I am not "on" Twitter, but there are a half-dozen tweeters whose tweets I look at to keep myself apprised of our cultural obsessions. Sometimes it is simply the form itself.

Aaron Peck is a tweeter whose tweets I look at. Reading Aaron's tweets can feel a little like watching a teenager at a mirror trying on an ascot for the first time.

Aaron often tweets about where he is ("Ah, Brussles [sic] and your spaghetti bolognese"), what he is reading ("Even after reading Javier Marias and Juan Benet, this Lydie Salvayre makes me realize how little I know or recall of the Spanish Civil War") and the passing of those important to him ("And now Hilla Becher. Rest in peace.").

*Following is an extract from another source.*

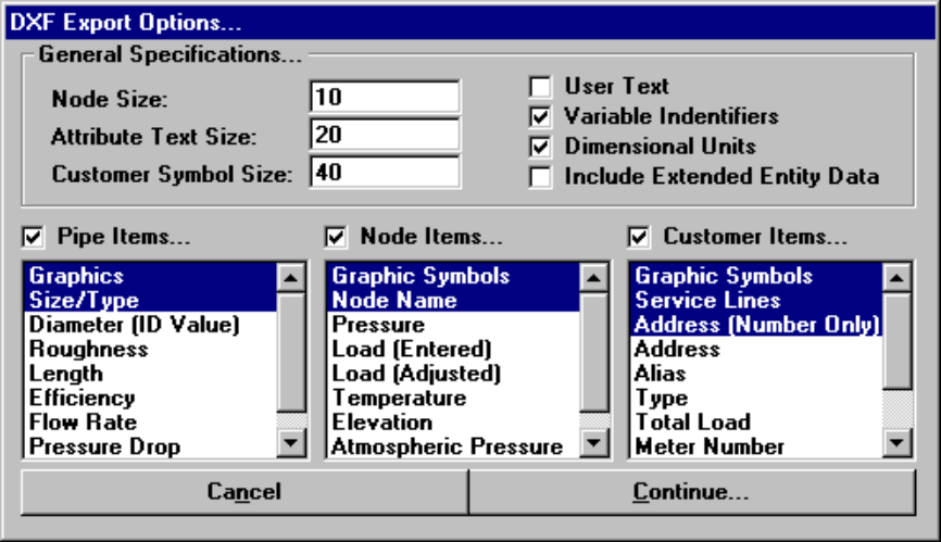 The Graphical Data Interface (GDI) provides map style graphical access to the model data. The GDI allows the inclusion of Bitmap (BMP) or Drawing Interchange File (DXF), or Shape (SHP file images as a reference background. Using the GDI, the User can draw the model schematic using point-and-click mouse entry, coordinate value entry, or relative distance and angle entry. The GDI provides pop-up data screens for editing and viewing of the various pipe, node and customer data and analysis results.

Aaron's most recent death tweet reads: "Although it happened a few days ago, I just found out that Michel Tournier died. Sad news."(January 21)

Sad news indeed.

Like Günter Grass and W. G. Sebald, Tournier was among the last writers to remind us that Europe was ravaged by a Second World War whose consequences are still felt today. And while I appreciate their books and their attention to history, it is their patriarchal Old Man Europe tone that I find annoying, particularly in Sebald's Austerlitz (2001).

In an unattributed Independent review of Barbara Bray's 1972 translation of Tournier's 1970 novel The Erl-King (posted in 2014), the reviewer has this to say of the novel's main character:

"His overwhelming need to reclaim a lost innocence and sense of identity increasingly comes to dominate his adult life. He sees signs everywhere but cannot always interpret them."

This is consistent with my memory of the book, where the protagonist is something of a stand-in for Europe -- or at least a segment of it.

Later, after his capture by the Nazi's and his employment under Reichsmarscall Hermann Göring:

"He struggles to find a sense of self, identifying more often with beast than his fellow man, and in his search for clarity of purpose he is often met with suspicion.

It is here, ultimately, that The Erl-King comes into his own: by unravelling the paradox of Nazism's attraction to, yet final perversion of, purity, nature and the preciousness of life itself."